Он был поражен, обнаружив, что АВАП соединен с АЗОСПВВ и включен в местную сеть посредством подземного щупальца, который протянулся через засыпанный канал под Кэнал-стрит и стену под вставшим стеной Уолл-стрит. В Бруклине он увидел Кони-Айленд, символом которого на поверхности служила миниатюрная выкрашенная в красный цвет стальная конструкция фаллической формы, в которой Йоссарян узнал бездействующую парашютную вышку старого Стиплчез-парка. А под землей, на том, что показалось ему копией парка аттракционов «Стиплчез», находился рисунок, изображающий ухмыляющуюся физиономию с прямыми волосами и множеством зубов; эту физиономию Йоссарян тоже знал.
— С той разницей, что у нас все работает, — с гордостью сказал ему Нудлс. — Иначе их бы не было на нашей карте. Он заказал себе эту модель, чтобы убедиться, что она ничуть не хуже той, что в видеоигре. Если и можно одним словом описать его жизненный принцип, так это «будь готов».

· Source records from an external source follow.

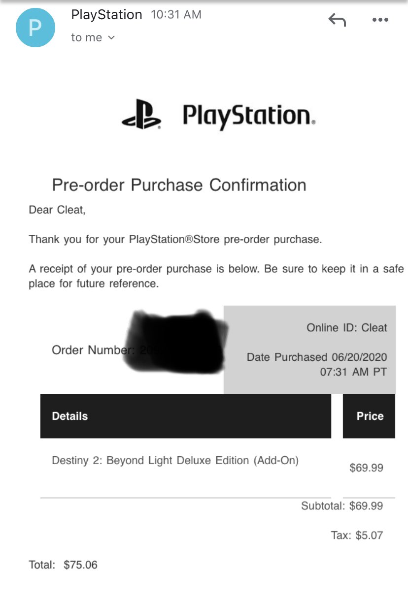 Ps5 Pre Order Receipt
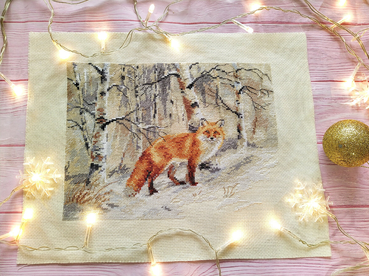 Привлекли меня сразу в этом сюжете скромные цвета зимнего леса и ярко-рыжие - лисицы. Такой контраст не может не броситься в глаза, не может не полюбиться. Очень много полукреста в сюжете в несколько сложений было легко вышивать, жемчужно-сизые оттенки добавляли удовольствия.
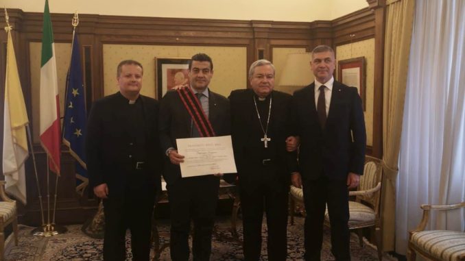 Il Pontefice, incontrando il generale Abagnara lo scorso 26 giugno 2019, aveva espresso il Suo profondo e vivissimo apprezzamento per l’opera di supporto alla popolazione locale, al dialogo interreligioso ed in particolare per la costruzione a Shama della Chiesa “Maria Decor Carmeli e San Giovanni XXIII Papa”, unica chiesa di rito latino nel sud del Libano, inaugurata con dedicazione da parte dell’Ordinario Militare per l’Italia, l’arcivescovo Santo MARCIANO’. Opere queste che, unitamente agli impegni volti a garantire la sicurezza nella regione, hanno inciso in maniera determinante alla stabilizzazione dell’area ed alla collaborazione tra le parti per intese di pace. L’Ordine pontificio di San Silvestro Papa (in latino: Ordo Sancti Silvestri Papae) è un ordine cavalleresco della Santa Sede. Prima del 1841, era universalmente conosciuto come uno degli ordini più antichi ed è considerato dal cerimoniale diplomatico, Ordine Cavalleresco di Prima Classe. I membri godono del privilegio del saluto militare da parte delle Guardie Svizzere, della precedenza nelle cerimonie ufficiali ed al rango apicale di Cavaliere di Gran Croce, il trattamento di “Eccellenza“.

— Но это два слова, — поправил его Йоссарян.
— Раньше я тоже так думал, — сказал Нудлс, — но теперь я смотрю на это его глазами. Я и в гольф стал лучше играть.
— Так вот почему там эти клубы!
— Он вводит их в видеоигру для симметрии. Видишь там, в Вермонте? — Йоссарян увидел Федеральный депозитарий мороженого Бена и Джерри. — Он совсем недавно обнаружил его в видеоигре и теперь хочет иметь такой же. И еще у нас будет Häagen-Dazs. [94]Если когда-нибудь дойдет до этого, то мы сможем долго оставаться под землей, и он хочет быть уверенным, что не останется без своего мороженого и гольфа. Это конфиденциально, но у нас под «Горящим деревом» уже закончена площадка с девятью лунками, и она идентична той, что здесь на поверхности. Сейчас он как раз там, внизу, осваивает площадку, чтобы иметь преимущество над другими, когда придет время.
— А кто будет теми другими?
— Те из нас, кто выбран для дальнейшей жизни, — ответил Нудлс, — и для того, чтобы руководить страной под землей, когда наверху мало что останется.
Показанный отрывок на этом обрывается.